On a frigid night in January, 1979, Marcia Moore, 51-year-old mystic, author of nine books on yoga, astrology and regression to previous lifetimes, vanished from the face of the earth (Maclean’s, April 2, 1979). Not a trace could be found. All her belongings, including warm clothing, were in their usual places in her home in Alderwood Manor, Wash., just south of Vancouver. A blitz by bloodhounds and helicopters of a nearby forest where she liked to walk and wider searches yielded nothing. Her husband, Dr. Howard Altonian, an anesthetist, was convinced that constant use of the anesthetic drug Ketamine had stunned her into amnesia. Mystics suggested she had reached such a high state of consciousness that she dematerialized. It is now clear that her fate was far more gruesome, though the details are no less of a mystery. Two months ago her skull was found, strangely enough in the forest that was so well scoured two years before.

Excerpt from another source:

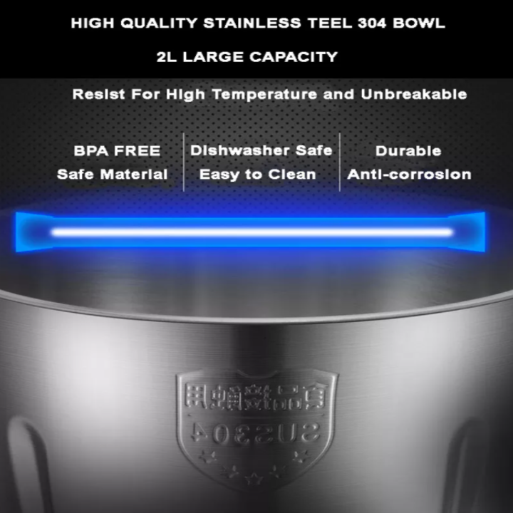 Dung tích: 2L Công suất: 250W Nguồn điện : 220v- 50Hz Vỏ máy: Chất liệu Inox 304 cao cấp, chịu nhiệt Lưỡi dao: Thiết kế 4 lưỡi bằng thép không gỉ – Sắc bén cho

Snohomish County detectives, as baffled as ever, still can’t establish if she died from exposure or foul play. Her husband, initially a prime suspect himself until he passed a lie detector test, now accepts the theory of death from exposure. For 18 months after her death he searched and mourned on a heroic scale, even taking Ketamine in an attempt to reach her telepathically. Detectives went along with every clue he supplied, however bizarre. At one point, they gathered at an abandoned farm and crawled through grease traps, chicken coops and cesspools. Dr. Altonian carried a syringe and adrenaline to revive her. He tried, unsuccessfully, to carry on his wife’s work, but subsequently returned to medicine. Although Moore was the daughter of the multimillionaire founder of the Sheraton hotel chain, she walked away from several fortunes in mansions, royalties and settlements from three marriages, and left little inheritance. Says Dr. Altonian abruptly: “It’s all in the past. I have a new life now.”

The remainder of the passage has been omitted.